Actors Tricia Helfer (Number Six) and Katee Sackhoff (Starbuck) did their own stunts for their fight scene. They trace the beginning of their friendship to their antics on-set filming this scene.

===Music===
Rymer asked composer Bear McCreary to write a classical-sounding piece for Baltar's vision of the Opera House. The result was "The Shape of Things to Come", which is closely connected to "Passacaglia", the piece McCreary wrote for the Part 1 teaser. McCreary recalled that Rymer was unsatisfied with earlier versions of the Part 1 teaser music and encouraged McCreary to stop approaching it as a film score. McCreary stopped looking at the footage for inspiration and produced "Passacaglia".

==Reception==
"Kobol's Last Gleaming" received favorable critical review. Susan Tankersley of Television Without Pity gave Part 1 of "Kobol's Last Gleaming" an A+ and Part 2 an A. David Thomas of AOL's TV Squad called the Raptor crash sequence "[o]ne of the most superb crash scenes in Sci-Fi television history" and said, "the only slow part seemed to be the crash victims on Kobol." Jason Davis of Mania gave Part 1 an A, comparing it favorably with the original series episode "Lost Planet of the Gods", praising the contribution of both Boomers to the emotional tone, and calling the teaser "masterful". He also gave Part 2 an A, calling it better than Part 1 and expressing particular appreciation for the tension between Crashdown and Tyrol, which he described as unconventional in science fiction. Simon Brew of Den of Geek said, "the second part of 'Kobol's Last Gleaming' had me screaming at my television set. ... [T]his is just outstanding television."

Michael Hickerson of Slice of SciFi ranked "Kobol's Last Gleaming" as the series's fourth best episode. Kelly Woo of TV Squad ranked Part 2 second best, writing, "Jaw, floor. Enough said." John Kubicek of BuddyTV ranked Part 2 as the 12th best episode, calling Six and Starbuck's fight scene "one of the best and sexiest fight scenes in the history of television." Eric Goldman of IGN ranked Boomer shooting Adama #6 on his list of the series's top 20 storylines and moments. The twist where Boomer is revealed to be a Cylon was listed at number 98 as part of the "Top 100 Most Unexpected Moments in TV History" by TV Guide and TV Land in December 2005.

==Series context==
- The conflict between Adama and Roslin in "Kobol's Last Gleaming" is the culmination of tension that has been building since they forged their power-sharing arrangement. Although they have developed a degree of mutual respect, their different priorities make a confrontation inevitable, in Moore's view.

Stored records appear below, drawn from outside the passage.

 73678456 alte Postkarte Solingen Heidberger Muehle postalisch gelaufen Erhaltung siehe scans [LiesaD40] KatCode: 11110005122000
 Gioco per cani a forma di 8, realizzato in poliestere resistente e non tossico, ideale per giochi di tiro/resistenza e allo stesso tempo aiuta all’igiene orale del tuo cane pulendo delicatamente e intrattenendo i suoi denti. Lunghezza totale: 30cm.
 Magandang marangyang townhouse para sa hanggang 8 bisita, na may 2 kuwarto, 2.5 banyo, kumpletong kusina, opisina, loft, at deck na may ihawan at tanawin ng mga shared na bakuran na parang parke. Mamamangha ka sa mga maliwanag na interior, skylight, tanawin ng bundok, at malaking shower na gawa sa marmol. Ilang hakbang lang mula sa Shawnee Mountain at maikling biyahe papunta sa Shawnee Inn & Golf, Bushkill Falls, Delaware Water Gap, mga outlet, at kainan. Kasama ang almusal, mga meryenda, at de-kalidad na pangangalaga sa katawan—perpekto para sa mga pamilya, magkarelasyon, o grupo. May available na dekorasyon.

- Adama does not return to command until the fifth episode of the second season, "The Farm". He and Roslin do not reconcile until two episodes later, in "Home, Part 2".

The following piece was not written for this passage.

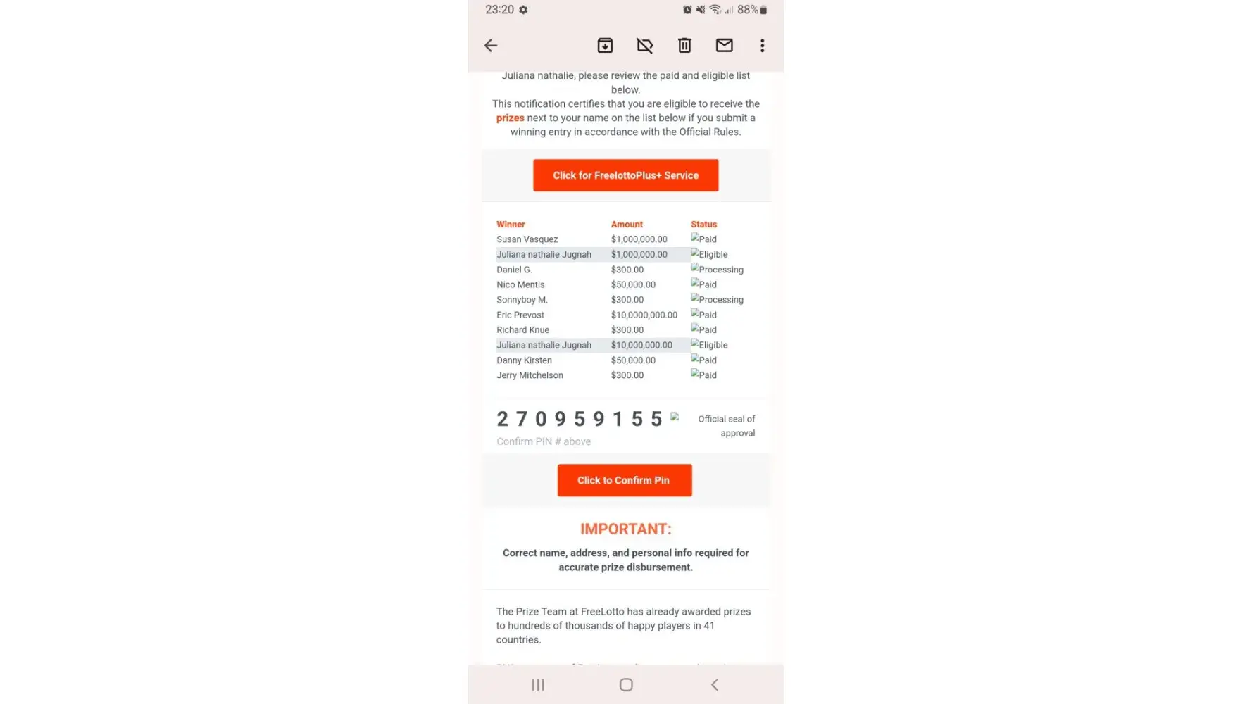 Michelle, because you are on the Paid and Eligible list above, your next step is to verify your PIN # on the following page. It assures you that if you submit the winning entry in accordance with the Official Rules of FreeLotto, using the convenient F.A.S.T. service or the free online entry method at FreeLotto.com, Michelle Thompson and only Michelle Thompson will be paid $1 Million (One Million US Dollars) in the Classic FreeLotto Game or other prizes.

- Crashdown is the ranking officer among the survivors of the Raptor crash, but several of the character's actions are intended to cause the audience to question his leadership. His decisions in the first three episodes of the second season bring him into conflict with the other survivors, especially Tyrol.

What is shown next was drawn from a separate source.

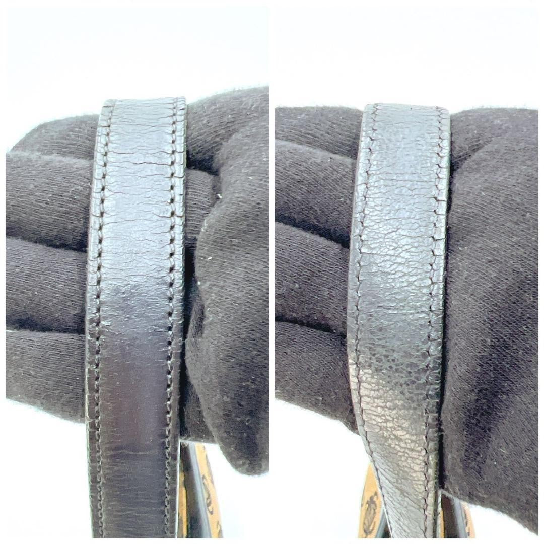 Please see the photos for details. There is some slight scuffing on the canvas portion of the top of the bag (see photo 5). This is only noticeable up close and is not noticeable when in use. The bag is otherwise in excellent condition, with the leather and interior in excellent condition.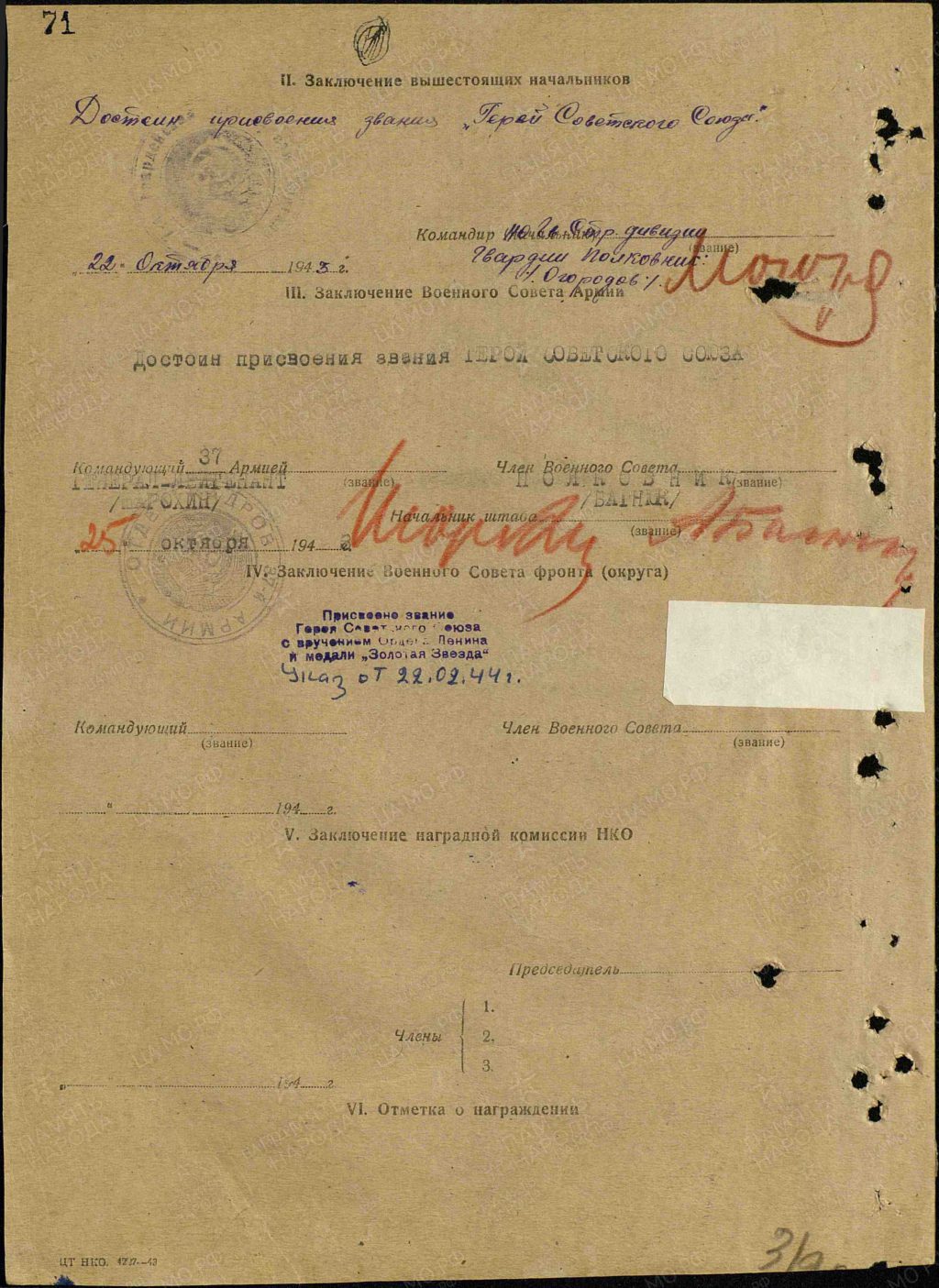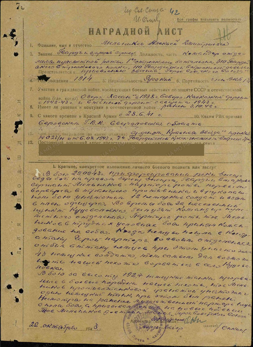 22 февраля 1944 года гвардии старшему сержанту А. Д. Мельникову присвоено звание Героя Советского Союза.

- According to Moore, the Caprica storyline of the first season builds to the revelation of Caprica-Boomer's pregnancy in "Kobol's Last Gleaming". In his podcast commentary for "Kobol's Last Gleaming", Moore said why the Cylons were so interested in getting Caprica-Boomer pregnant would be answered in the second season. In the second-season episode "The Farm", Caprica-Boomer explains that "be fruitful" is one of the Cylon God's commandments.
- In "Flesh and Bone", Leoben Conoy prophesied that the human fleet would find Kobol.
- In season 3, D'Anna Biers has a sequence of visions of the Opera House, culminating with a vision of the Final Five Cylons in the episode "The Eye of Jupiter". Roslin, Athena, and Caprica Six begin sharing visions of Athena's daughter Hera in the Opera House in the third-season finale, "Crossroads". The Opera House's true meaning is revealed in the series finale, "Daybreak".
- In the following episode, "Scattered", the cradle in the Opera House is revealed to contain a baby girl, whom Head Six describes as her child with Baltar.